The results were highly similar for the unmatched samples. The resulting factors explained 88.94% (Factor 1), 8.43% (Factor 2), and 2.63% (Factor 3) of the total covariance in the data. The omnibus test of the final multivariate factor structure was significant, p = 0.0002. Of the three factors, only the first factor was reliable, p = 0.0001. As can be seen in Fig. 1, this factor was driven by brain structure differences between Aβ-High African Americans and Aβ-High Non-Hispanic Whites. The bootstrap ratios indicated that 14 of the 20 brain regions significantly differed between these two groups (see Table 2). These significant regions were the same as in the matched-sample analysis, but also included cortical thickness in the right parsopercularis and right precuneus.

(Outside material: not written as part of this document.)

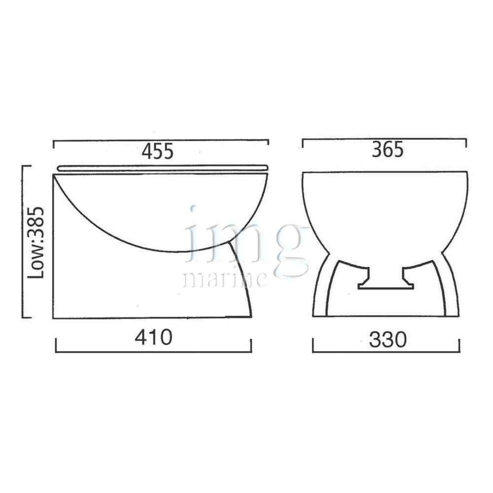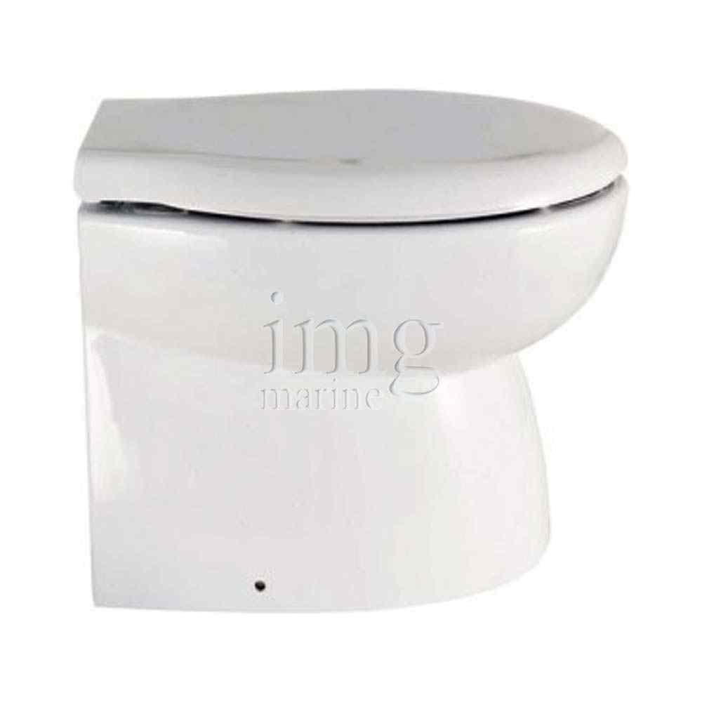 WC elettrico Ocean Luxury 12/24V con seduta comfort, scarico automatico, pompa combinata, soft-close e materiali anticorrosione. Per montaggio sopra o sotto galleggiamento. Altezza 385mm.

3.3. Brain factor correlations

To assess the relationship between the brain structure and AD risk factors, Factor 1 scores were correlated with and 1) age, 2) years of education, 3) verbal IQ, and 4) white matter hypointensities. For the matched samples, Factor 1 was negatively correlated with white matter hypointensities (r(84) = − 0.22, CI [− 0.42, − 0.01], p = 0.038), and marginally negatively correlated with age (r(84) = − 0.19, CI [− 0.39, 0.02], p = 0.075). For the unmatched samples, these correlations were even stronger. Factor 1 was negatively correlated with white matter hypointensities (r(84) = − 0.29, CI [− 0.47, − 0.08], p = 0.0078), and negatively correlated with age (r(84) = − 0.41, CI [− 0.58, − 0.22], p < 0.001). Note that if Bonferroni corrections for multiple comparisons were employed (p = 0.0125), only the correlations in the unmatched samples would be significant. Nevertheless, the similarity across the samples suggest that greater thickness in the significant AD signature regions associated with Factor 1 was related to AD risk factors (age and vascular disease).

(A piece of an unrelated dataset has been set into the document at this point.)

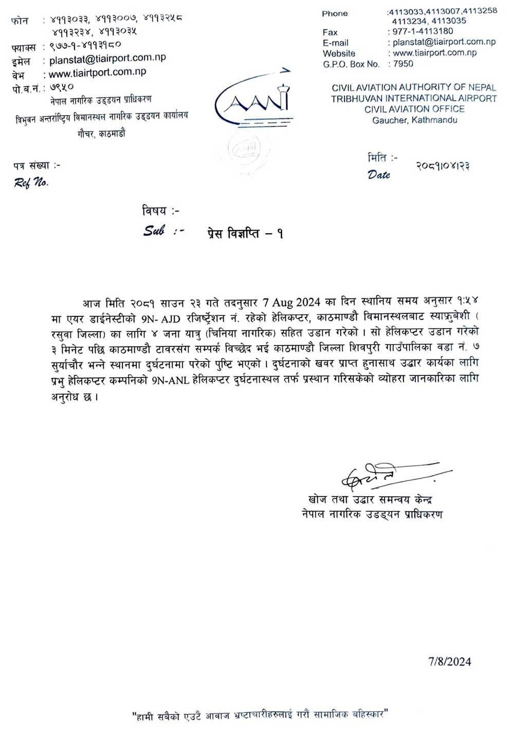 दुर्घटना लगत्तै उद्धारका लागि प्रभु हेलिकप्टर कम्पनीको (९ एन–एएनएल) हेलिकप्टर दुर्घटनास्थलमा पुगेको छ ।

3.4. Brain age of African Americans and non-Hispanic Whites

To assess whether African Americans have an older biological age than Non-Hispanic Whites, SVR models were created using the 12 significant brain regions that showed race differences with those with high Aβ levels and that overlapped across the analyses with the matched and unmatched groups. The SVR model with the matched groups that did not include white matter hypointensities had an RMSE of 7.065 and a mean difference from the actual age of − 1.05 years, suggesting the mean biological age estimated participants as slightly younger than their mean actual age. The predicted age from the model, however, did not significantly correlate with actual age, r(84) = 0.072, CI [− 0.14, 0.28], p = 0.51. The 2 (Race) × 2 (Aβ Level) ANOVA on predicted age revealed no significant effects (p's > 0.30), suggesting that African Americans' biological age did not differ from Non-Hispanic Whites in this model and is inconsistent with the Weathering Hypothesis. Adding white matter hypointensities to the SVR resulted in a higher RMSE of 7.52, suggesting a worse model fit than the previous model. The mean difference in predicted and actual age was − 0.88, suggesting a slightly younger biological age as in the previous model. The predicted age did not correlate with actual age, r(84) = 0.072, CI [− 0.20, 0.22], p = 0.51. The Race × Aβ Level ANOVA on predicted age revealed no significant effects (p's > 0.42).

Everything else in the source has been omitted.